Louisburg College is a private Methodist-affiliated two-year college in Louisburg, North Carolina.

History 
Louisburg College has its roots in two schools: Franklin Male Academy, which was chartered in 1787, re-chartered in 1802 but held its first recorded classes on January 1, 1805; and Louisburg Female College, which was founded in 1857, succeeding a previous institution, Louisburg Female Academy, founded in 1814.

Louisburg Female Academy opened its doors in 1815, under the direction of Harriet Partridge, making it one of the oldest institutions of higher education for women.  From 1843–1856, Asher H. Ray and his wife Jane Curtis Ray were highly successful as principals of the female academy, which in the 1850s was called Louisburg Female Seminary. Among the courses offered by the seminary were history, botany, algebra, rhetoric, chemistry, geology, logic, French, Latin, Greek, guitar, and calisthenics. The respected reputation of the seminary contributed to a movement to establish a female college.

In 1855, the property of Louisburg Female Academy was transferred to the Louisburg Female College Company; the newly formed body, Louisburg Female College, opened its doors in 1857. A four-story, fifty-room brick Greek Revival-style building for the female college was constructed in 1857 on the west campus where the female academy building had formerly stood. Old Main, the central building of the Female Academy is still in use today as the administrative building of Louisburg College.  Old Main was listed on the National Register of Historic Places in 1978. It is located in the Louisburg Historic District.

In August 1857, Louisburg Female College opened its doors under the management of Professor James P. Nelson. Course offerings included French, Spanish, Italian, piano, guitar, drawing, painting, and needlework. The female college continued to operate during the Civil War under presidents C.C. Andrews (1860–1861) and James Southgate, Jr. (1862–1865). After the war, about 500 Union soldiers camped in the college during May and June 1865.

During the administration of Dr. Turner Myrick Jones (1866–1868), former president of Greensboro Female College, enrollment grew to 133 students. The regular college course in 1867 included such courses as English grammar, mythology, geography, botany, physiology, trigonometry, Latin, French, and "Evidence of Christianity."

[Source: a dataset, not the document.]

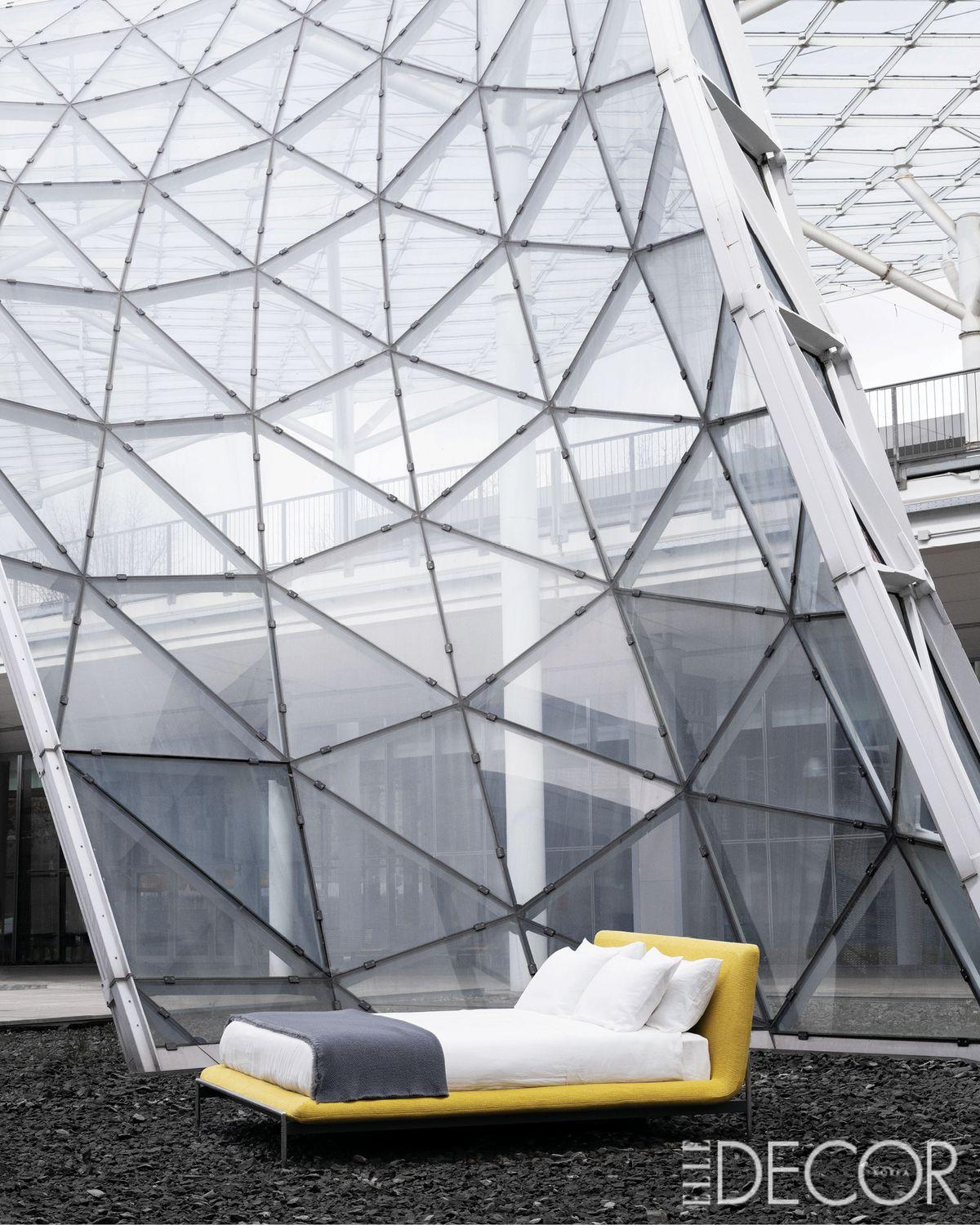 BEDDING Esosoft Bed by Antonio Citterio for Cassina 안토니오 치테리오가 디자인한 연속적인 선들. 소파와 벤치, 발판, 커피 테이블로 구성된 카시나의 에스프레소 컬렉션은 나사로 고정된 부품들이 정밀하게 설계된 알루미늄 구조라 쉽게 해체하거나 재사용이 가능하다. 가벼운 베이스는 재활용 소재로 만든 흡음 패널과 침대 프레임이 포함된 헤드보드가 적용됐다. 부드러운 프로필 덮개는 침대의 부드러운 곡선을 강조한다. cassina.com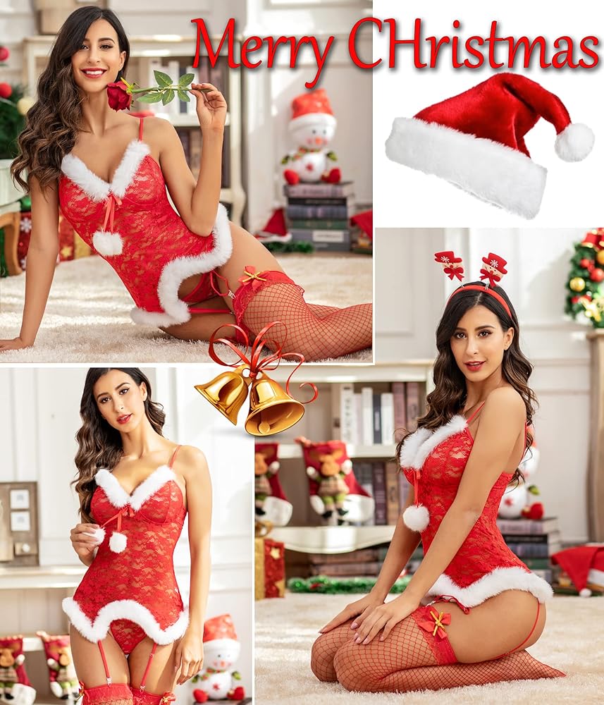 • 🎅التصميم: مزين بالريش، إغلاق بخطاف وعين، رقبة على شكل حرف V وزخرفة فيونكة مثيرة مخيطة بصوف عيد الميلاد يمكن أن تظهر منحنياتك المذهلة تمامًا وتجعلك أكثر جاذبية في المهرجان الخاص مرة واحدة في العام.

After the College opened and closed several times during the 1870s and 1880s, S.D. Bagley became president in 1889. Matthew S. Davis, who had previously served twenty-five years as principal of the male academy, became president of the female college in 1896 and held the office until his death in 1906. He was succeeded by his daughter, Mary Davis Allen (Mrs. Ivey Allen), who was president until 1917.

At the beginning of the twentieth century, a number of significant changes took place. The institution became known as Louisburg College, and the college became officially linked to the Methodist Church. Washington Duke, the Durham philanthropist, had acquired ownership of the college property in the 1890s; after his death, his son Benjamin N. Duke presented the property to the North Carolina Conference of the Methodist Church.

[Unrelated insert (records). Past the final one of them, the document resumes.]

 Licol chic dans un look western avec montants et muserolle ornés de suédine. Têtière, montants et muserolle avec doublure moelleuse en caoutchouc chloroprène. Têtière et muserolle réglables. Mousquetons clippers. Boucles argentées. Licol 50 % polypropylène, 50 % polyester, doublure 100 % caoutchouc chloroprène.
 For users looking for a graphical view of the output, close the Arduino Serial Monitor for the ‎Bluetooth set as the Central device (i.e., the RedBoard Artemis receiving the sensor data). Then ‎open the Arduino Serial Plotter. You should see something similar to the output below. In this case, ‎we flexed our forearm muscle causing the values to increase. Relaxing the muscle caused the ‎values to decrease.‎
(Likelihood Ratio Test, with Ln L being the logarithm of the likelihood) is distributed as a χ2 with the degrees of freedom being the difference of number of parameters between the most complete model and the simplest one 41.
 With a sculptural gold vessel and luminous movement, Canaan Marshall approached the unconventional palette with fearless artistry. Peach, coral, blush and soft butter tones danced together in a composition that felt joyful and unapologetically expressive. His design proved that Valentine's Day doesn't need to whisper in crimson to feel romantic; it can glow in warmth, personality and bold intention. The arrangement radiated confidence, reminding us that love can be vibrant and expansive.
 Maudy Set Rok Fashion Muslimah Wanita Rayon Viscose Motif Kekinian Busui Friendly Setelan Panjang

Other changes in the early twentieth century included the erection of the three-story Davis Building, named in memory of Matthew S. Davis, and the reorganization of the college into an institution with junior college rating (1914–1915).

During the presidency of Arthur D. Mohn in the 1920s, Louisburg College experienced a period of building expansion. The West Wing of Main Building, the Pattie Julia Wright Dormitory, and the Franklin County Building were constructed. Unfortunately, a disastrous fire gutted Main Building and the new West Wing in 1928. Closely following the fire came the Great Depression, and the college was burdened with debt and a shrinking enrollment.

The Reverend Armour David Wilcox, former minister of the Louisburg Methodist Church, served as president of the college from 1931 to 1937. Louisburg College became co-educational in 1931, and student enrollment immediately increased. By the end of World War II, institutional debts had been paid. Walter Patten served as president from 1939–1947 and Samuel M. Holton from 1947–1955. In 1952, Louisburg College was accredited by the Southern Association of Colleges and Schools.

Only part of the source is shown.